◆ SUPPLIED INFORMATION
##########
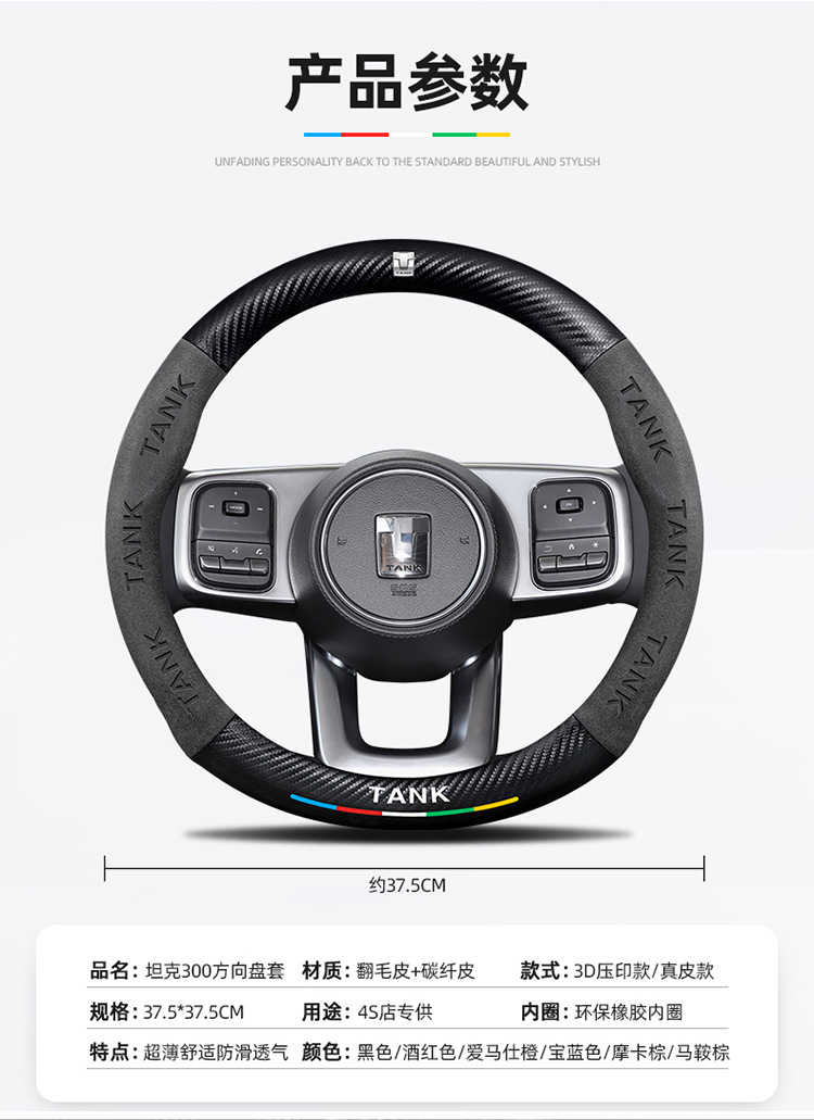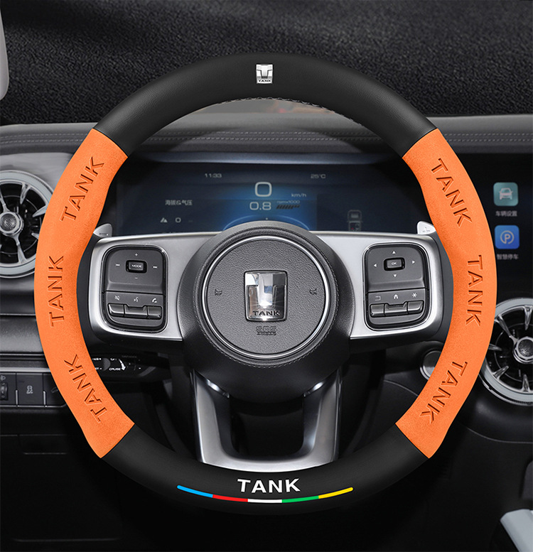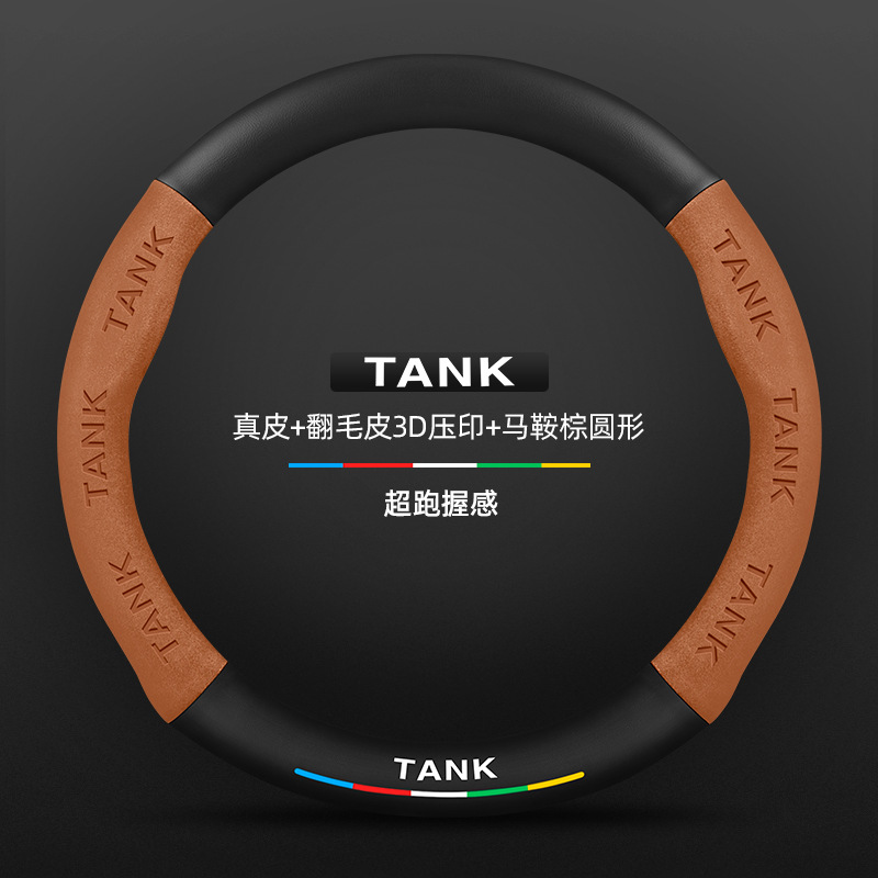 탱크700/500/400/300용 스티어링 휠 커버 나파 가죽 미끄럼 방지 핸들 커버 손바느질 필요 없음 사계절용스토어 가기
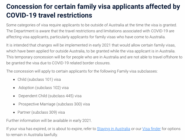 移民局于11月28日发布的“家庭类签证COVID-19利好政策”中,提到了将于2021年初免除部分家庭类移民签证的“申请人必须在境外等待审理”这一要求。受惠的签证类别包括309(境外申请的配偶移民签证)在内的5类签证[如下图],这意味着之前已申请过这几类签证的申请人,将无需专门离开澳洲,而可在澳洲境内等待签证下签。是不是更安全、更省时、更省钱了呢?
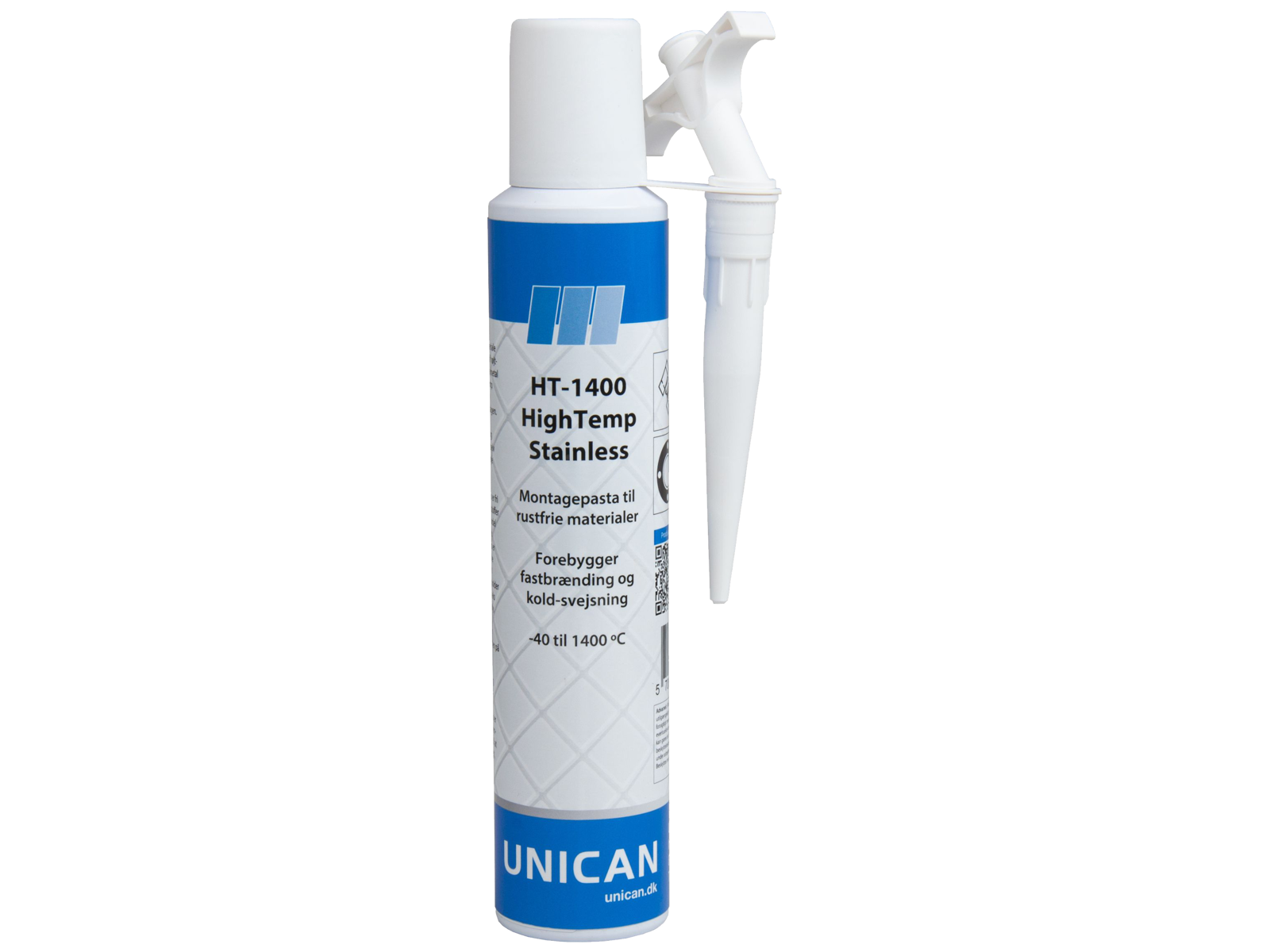 Montagepasta til rustfrie materialer - til forebyggelse af fastbrænding og koldsvejsning. Produktet forholder sig materiale- neutralt ved bearbejdning af højt- legerede stål-typer og andre metal materialer. HT-1400 HighTemp Stainless får dele til at holde længere samt nedsætter slitagen. Dette betyder reducerede udskiftningsomkostninger og lettere reparationsarbejde - selv efter påvirkning af meget høje temperaturer. HT-1400 HighTemp Stainless er fri for svovlholdige tilsætningsstoffer og halogener og kan med fordel benyttes i aggressive miljøer. HT-1400 HighTemp Stainless er opbygget af fint formalet ikke metal holdige partikler samt specialolier. Produktet indeholder ikke metal- pigmenter som f. eks kobber, aluminium, nikkel, bly, zink m.v. Dette giver en enestående pasta der finder anvendelse overalt i industrien på bolte, møtrikker og skruer, prespasnings samlinger og pak-skiver samt udliggere og rundbolte. HT-1400 HighTemp Stainless er udviklet til at modstå sammenbrænding ved høje tryk og til at beskytte metaldele imod rust, korrosion og rivning. Til temperaturer ÷40°C til +1.400°C.
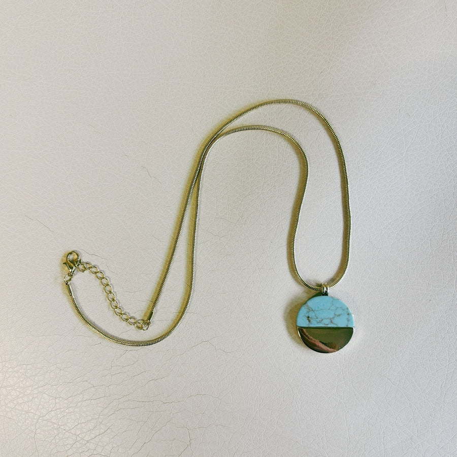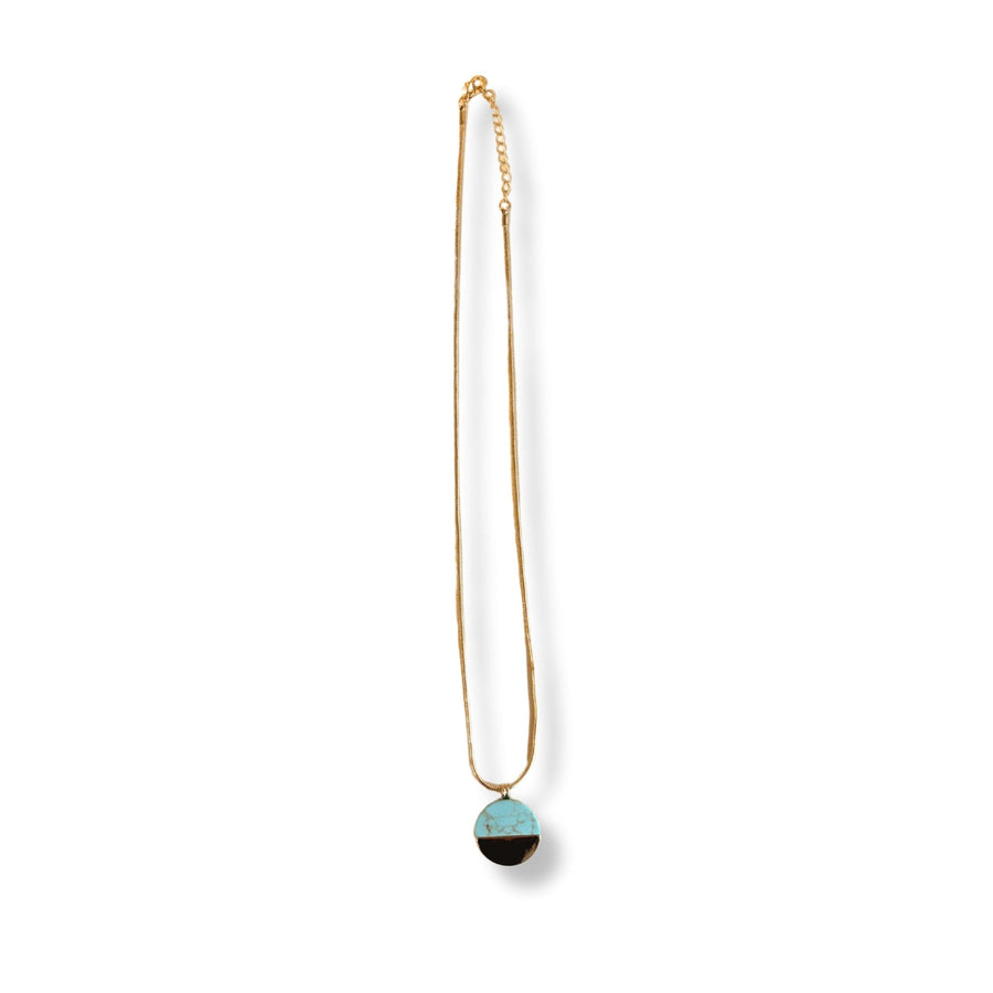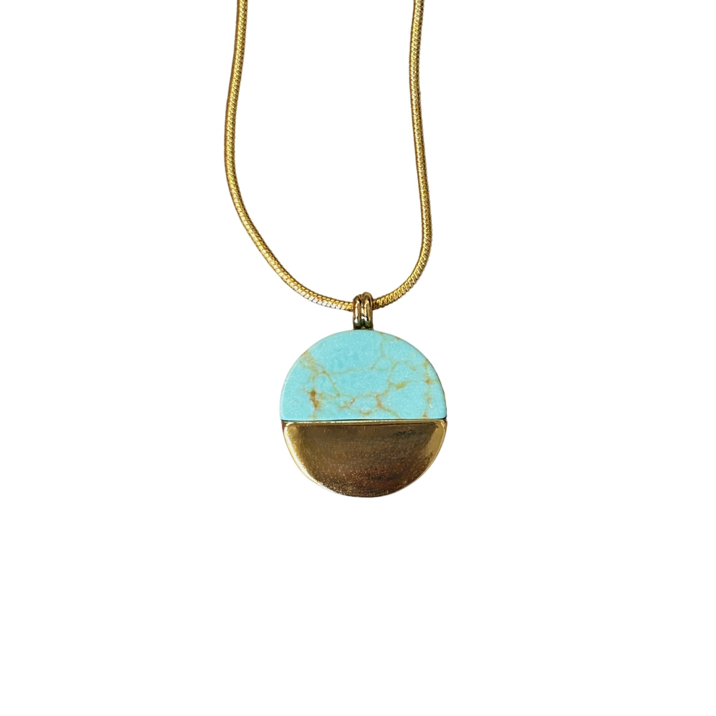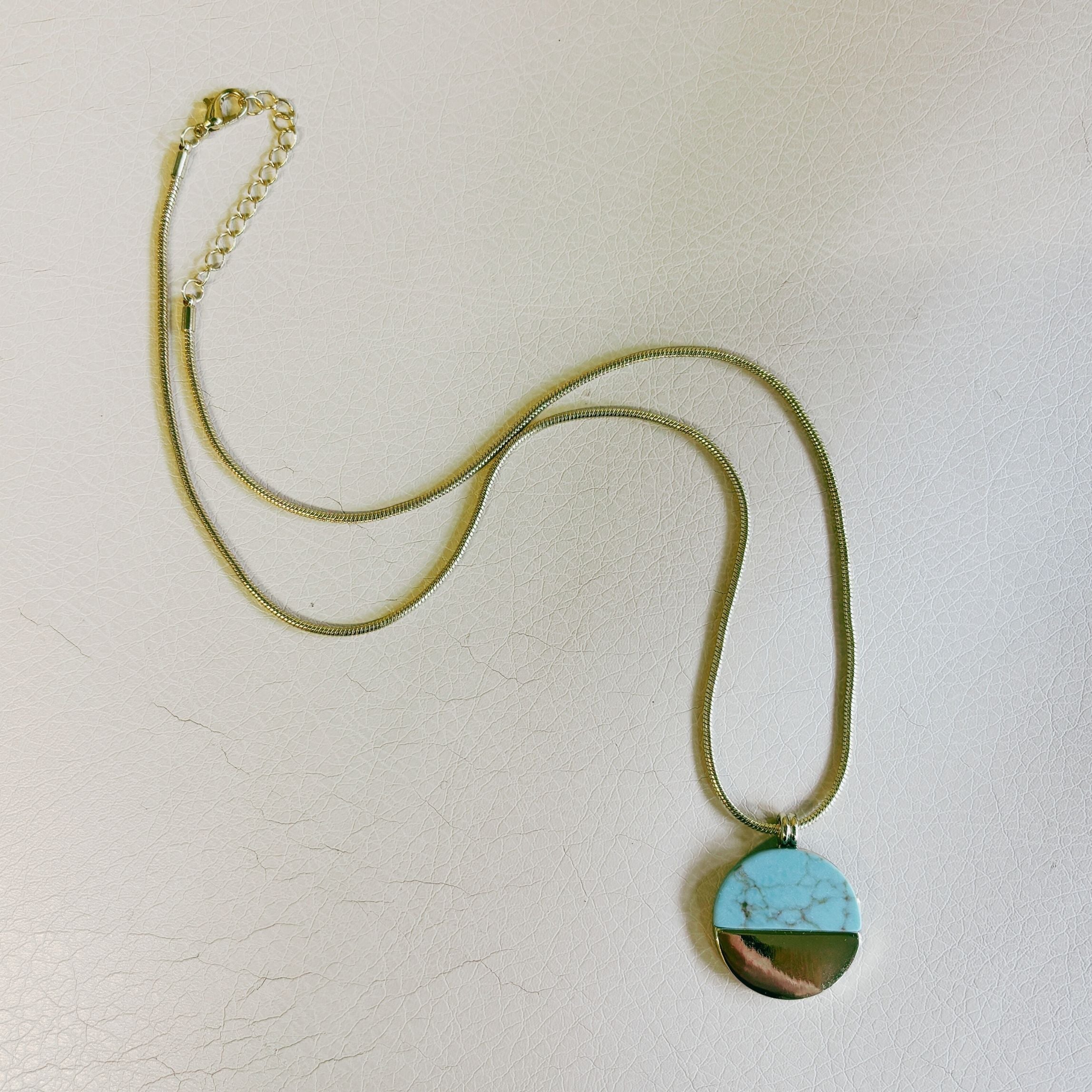Elevate your everyday look with the Turquoise Disc Necklace, a modern yet earthy piece that brings balance and style to any outfit. Featuring a round pendant with a striking half-turquoise, half-metal design, this necklace blends natural stone with sleek shine for a clean, minimalist statement.
##########
◆ PROBLEM TO WORK ON
Each line above has to be returned exactly. Drop the pictures.

◆ REPLY TO THE EXERCISE
 탱크700/500/400/300용 스티어링 휠 커버 나파 가죽 미끄럼 방지 핸들 커버 손바느질 필요 없음 사계절용스토어 가기
 移民局于11月28日发布的“家庭类签证COVID-19利好政策”中,提到了将于2021年初免除部分家庭类移民签证的“申请人必须在境外等待审理”这一要求。受惠的签证类别包括309(境外申请的配偶移民签证)在内的5类签证[如下图],这意味着之前已申请过这几类签证的申请人,将无需专门离开澳洲,而可在澳洲境内等待签证下签。是不是更安全、更省时、更省钱了呢?
 Montagepasta til rustfrie materialer - til forebyggelse af fastbrænding og koldsvejsning. Produktet forholder sig materiale- neutralt ved bearbejdning af højt- legerede stål-typer og andre metal materialer. HT-1400 HighTemp Stainless får dele til at holde længere samt nedsætter slitagen. Dette betyder reducerede udskiftningsomkostninger og lettere reparationsarbejde - selv efter påvirkning af meget høje temperaturer. HT-1400 HighTemp Stainless er fri for svovlholdige tilsætningsstoffer og halogener og kan med fordel benyttes i aggressive miljøer. HT-1400 HighTemp Stainless er opbygget af fint formalet ikke metal holdige partikler samt specialolier. Produktet indeholder ikke metal- pigmenter som f. eks kobber, aluminium, nikkel, bly, zink m.v. Dette giver en enestående pasta der finder anvendelse overalt i industrien på bolte, møtrikker og skruer, prespasnings samlinger og pak-skiver samt udliggere og rundbolte. HT-1400 HighTemp Stainless er udviklet til at modstå sammenbrænding ved høje tryk og til at beskytte metaldele imod rust, korrosion og rivning. Til temperaturer ÷40°C til +1.400°C.
Elevate your everyday look with the Turquoise Disc Necklace, a modern yet earthy piece that brings balance and style to any outfit. Featuring a round pendant with a striking half-turquoise, half-metal design, this necklace blends natural stone with sleek shine for a clean, minimalist statement.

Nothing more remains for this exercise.